An Enhanced RIME Optimizer with Horizontal and Vertical Crossover for Discriminating Microseismic and Blasting Signals in Deep Mines

Sensors (Basel). 2023 Oct 28;23(21):8787. doi: 10.3390/s23218787.

Abstract

Real-time monitoring of rock stability during the mining process is critical. This paper first proposed a RIME algorithm (CCRIME) based on vertical and horizontal crossover search strategies to improve the quality of the solutions obtained by the RIME algorithm and further enhance its search capabilities. Then, by constructing a binary version of CCRIME, the key parameters of FKNN were optimized using a binary conversion method. Finally, a discrete CCRIME-based BCCRIME was developed, which uses an S-shaped function transformation approach to address the feature selection issue by converting the search result into a real number that can only be zero or one.

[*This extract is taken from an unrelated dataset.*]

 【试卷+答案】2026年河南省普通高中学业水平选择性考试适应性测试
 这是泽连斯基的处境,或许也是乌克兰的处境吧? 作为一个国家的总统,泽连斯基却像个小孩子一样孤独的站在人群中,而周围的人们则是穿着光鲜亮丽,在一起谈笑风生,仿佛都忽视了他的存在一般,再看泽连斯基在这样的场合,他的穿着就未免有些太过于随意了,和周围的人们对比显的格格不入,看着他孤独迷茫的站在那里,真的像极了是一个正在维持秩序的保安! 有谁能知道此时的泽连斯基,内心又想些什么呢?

The performance of CCRIME was examined in this study from various perspectives, utilizing 30 benchmark functions from IEEE CEC2017. Basic algorithm comparison tests and sophisticated variant algorithm comparison experiments were also carried out. In addition, this paper also used collected microseismic and blasting data for classification prediction to verify the ability of the BCCRIME-FKNN model to process real data. This paper provides new ideas and methods for real-time monitoring of rock mass stability during deep well mineral resource mining.

Keywords: RIME; blasting; feature selection; machine learning; microseismic; swarm intelligence.